I saw this in Bristol UK at the imax cinema.

Blown away.

http://www.oldmansea.com/

The Brothers McLeod
[SIZE=2]brothersmcleod.co.uk[/SIZE]

This is a really cool question.

I classify 'unique' as something that makes me go 'Holy freakin' WOW!' and makes my eyes pop out in awe. I would have to think on that one, but there is a South Korean film currently out called 'Wonderful Days' that blends miniatures, 2D, and 3D animation, splendidly. I have only seen the trailer for this and I hear the story isn't all that great, but just looking at it gives me goosebumps. I think it's already out on DVD, but only Region 3. They used to have a great website out, but unfortunately it's down. So here's the Internet Movie Database version.

The last time this kind of feeling struck me was when I saw Das Rad last year. The animation was pretty regular stop motion, but the storyline blew my mind off!

I also love that short called Powers of Ten.

By the way, Starevicz used real insects with wire armatures around them. That movie is absurdly beautiful. There's another one where he uses animated stuffed birds.

I'm dying to see a short called Ryan, I saw a short part of it on AWN... it's about Ryan Larkin, and the movie was mounted with some audio from a real interview and then illustrated with very creative 3d animation. It's always great to see a new approach and look to 3d!

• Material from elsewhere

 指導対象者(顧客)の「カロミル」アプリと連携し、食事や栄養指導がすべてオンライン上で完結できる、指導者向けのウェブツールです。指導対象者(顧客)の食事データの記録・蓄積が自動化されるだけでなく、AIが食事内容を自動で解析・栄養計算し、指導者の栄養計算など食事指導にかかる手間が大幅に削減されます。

For me michael DudokdeWit's Monk and the Fish was a real revalation since I had never seen watercolor's beeing used in animation before. Furthermore Richard Williams' the Thief and the Cobbler is still one of the most unique animated features from a graphical point of view. The op art style of some of the backgrounds combined with characters that appear to be flat (like a lot of the gards) and the hand animated camera moves are truly unique.

I also have a videotape with Chinese animation on it and it's all in a style very similar to chinese wallscreen artwork. You also have Daniel Greaves' manipulation which is a very unique combination between traditional, pixelation and stop motion animation as well as his film Flatworld.

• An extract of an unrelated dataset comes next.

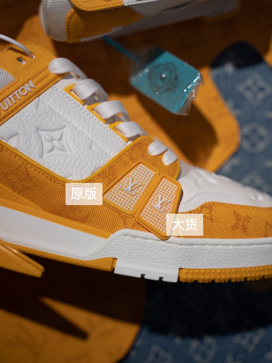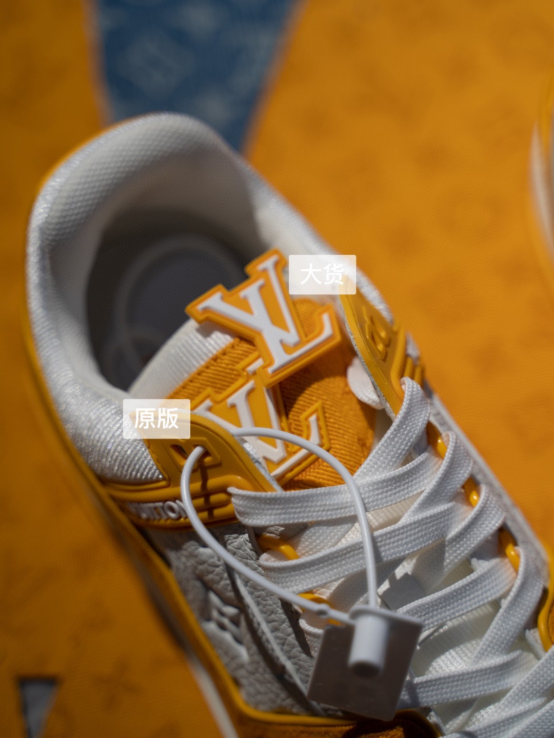 这款鞋子是AAAAA 1:1 质量 (非常棒). 使用了和原版一模一样的材料. 商标部分也保持了和路易威登/Louis Vuitton一样. 图片拍摄是实物鞋子拍摄, 您所收到的实物保证和我们图片一模一样.
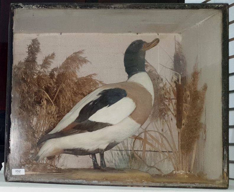Taxidermy, stuffed and mounted model of a common shelduck, in glazed cabinet, 52cm x 61cm

I can keep on going like this forever so I leave it by these. I'm never really good at naming just one example cause I like a lot of very different things for different reasons.

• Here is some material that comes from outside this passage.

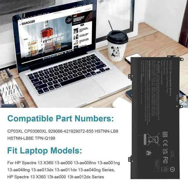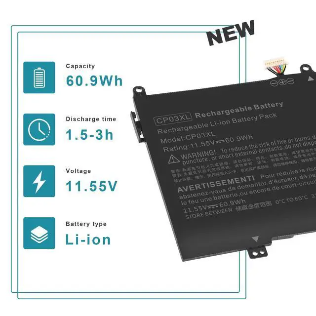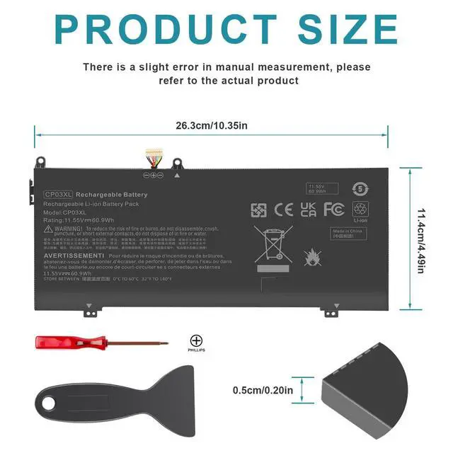 Color: Black with One Free Screwdrivers for easy installation. ^^ Compatible Part NumberCP03XL CPO3XL CP03060XL 929066-421 929072-855 HSTNN-LB8 HSTNN-LB8E ^^ Compatible withCP03X CPO3XL 929066-421 Battery for HP Spectre X360 Convertible 13-ae 13-ae000 13-ae0xx 13-ae013dx 13-ae012dx 13-ae011dx 13-ae014dx 13t-ae000 13-ae001ng HSTNN-LB8E CP03060XL 929072-855 13-ae049ng 13-ae040ng ^^ Compatible withFit for HP Spectre X360 convertible 13-ae0xx 13-ae000 13-ae006no 13-ae001ng 13-ae049ng 13-ae013dx 13-ae011dx 13-ae040ng Series, HP Spectre 13 X360 13t-ae000 13t-ae012dx Series. ^^ After-salesWe are confident in the performance of the replacement battery, and we support 30 days money back, 12 months of warranty, we will refund or replace! If you have any doubts, please contact us by email at any time, our professional technical team is always on standby to help you and provide you with considerate after-sales service. ^^ Security and Stable QualityAll of our products are certified by CE, FCC for safety. Strict guidelines for compatibility, and standards compliance for environment safety. Use of built-in circuit protection to ensure safety and stability.

Definitely the Brothers Quay. Street of Crocodiles. Very different, stop motion, nice use of objects, fabric and light. Love it.

Fantasia / Fantasia 2000

Visit my site http://www.animdesk.com

I once saw a very brief clip of what looked like an animated Chinese ink painting (a boy riding a water buffalo in a rice field), but that was a long long time ago.

Jan Svankmajer's stopmotion work with clay, and food, and metal, etc.

Mona Lisa Descending a Staircase (the name of the director escapes me)

I know I saw a film that was made using a giant pin board (like the kind where you press your hand on the back to make an image of your hand in the front accuratly out of little metal pins.) That was amazing.

Don't do nothing because you can't do everything.

I know I saw a film that was made using a giant pin board ....

It was probably 'Mindscape' by Jacques Drouin you saw.

And yes what a truly amazing technique!
it doesn't look at all like what you would expect, it lookes very much as if done in charcoal.
http://www.nfb.ca/animation/musee/drouin/html/en/portesouvertes_03/mclaren_03.html

Peter Wassink - Digital 2D Animator

Since last year, I have an almost irrational love for Barry Purves' short 'Next' in which a Shakespearian actor performs bits of all the plays he's ever written in 5 minutes' time. Being an Aardman short, it's stop motion, of course.
'Harpya' is a Belgian short with a surreal and eerie atmosphere and therefore holds the weirdest kind of fascination for me. It mixes several animation styles. I think 'real life stop motion' describes its style best.

Since someone recently raised the topic of originality in another thread, I thought I'd resurrect this 2-year-old thread, which recommends some animation that will transport you to another universe. ;)

Hopefully people will have new suggestions. :p

Jan Svankmajer's latest "Lunacy" takes his stop motion meat/body parts to a new level. Very bothersome but very effective and definitely original.

Another Brothers Quay fan.

For a beautiful style, I saw stop motion using water drops moved into shapes for a Japanese children's show. Cool stuff.